"We no longer belong to the Ceylinco Group. Yes, at one time we were and proud of it but now Ceylinco Insurance stands alone, stable, strong, safe and secure depending on no one," Godwin Perera, Marketing Consultant for Ceylinco Insurance told journalists last afternoon.
Ceylinco Insurance PLC, comprising Ceylinco Insurance-General and Ceylinco Insurance-Life, recorded a 14.8 percent decline in gross written premium income of Rs. 16.6 billion in 2009 from Rs. 19.5 billion the previous year but then the entire insurance industry suffered due to tough times in 2009 caused by the economic crisis.
The overall gross written premium incomes of the 18 insurance companies registered with the Insurance Board of Sri Lanka registered a slight decline of 0.42 percent to Rs. 57.9 billion from Rs. 58.1 billion in 2008.
Ajith Gunawardena, Joint Deputy Chairman, Ceylinco Insurance-General, said the crisis that hit the parent company, Ceylinco Consolidated, also affected premium incomes. "About 60 percent of the business we lost in 2009 was from the other companies of the Ceylinco Group, which were either bought over or went underground," he said.
Perera, Gunawardena and R. Renganathan, Joint Deputy Director Ceylinco Insurance-Life, told journalists that the company experienced the ‘worst storm’ or financial sector crisis in the country’s history.
"2009 tested every aspect of the company including the trust of our policyholders, but we passed with flying-colours," Renganathan said.
Perera compared the company’s financial performance in 2009 with that of 2008, considered to be ‘good year’.
Total assets of Ceylinco Insurance grew by 10.1 percent to Rs. 41.3 billion in 2009 from 37.5 billion in 2008. Income from investments grew by 20.6 percent to Rs. 3.5 billion from Rs. 2.9 billion.
Net value of claims paid increased in 2009 by 7.3 percent from Rs. 6.8 billion in 2008 to Rs. 7.3 billion in 2009 and Perera said this was very important. "We had to honour our policy holders’ trust," he said.
Solvency ratios (net assets/premium income) as stipulated by the Insurance Board of Sri Lanka exceeded 2008 levels. The solvency ratio for Ceylinco-General improved to two times from 1.4 times the previous year, while Ceylinco-Life’s solvency ratio improved to eight timed from 5 times the previous year.
Profit before tax increased by 28 percent during the year to Rs. 939.6 million from Rs. 732.3 million recoded in the ‘good year’ 2008.

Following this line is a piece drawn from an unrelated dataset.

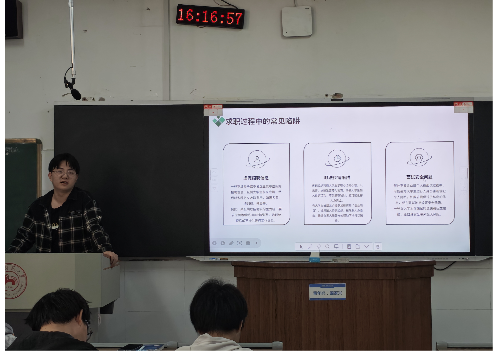 刘伟结合时政资料向同学们讲述了财产安全与个人信息安全的知识。他表示,同学们要强化风险防范意识,培养网络信息辨别能力,务必坚守“不轻信、不转账、不泄露”的三不原则。他希望,同学们能主动学习防诈知识技能,在生活中践行“三不”要求,共同构建校园防诈“防火墙”,为平安校园建设贡献力量。

The company’s share value has also grown by 4,230 percent since 1987 when Ceylinco Insurance was listed on the Colombo Stock Exchange. Perera said Rs. 1,000 worth of shares in 1982 would now be worth Rs. 43,300.
Gunawardena said in light of the company’s strong performance in 2009, the board of directors has decided to make a 50 percent dividend payment to shareholders.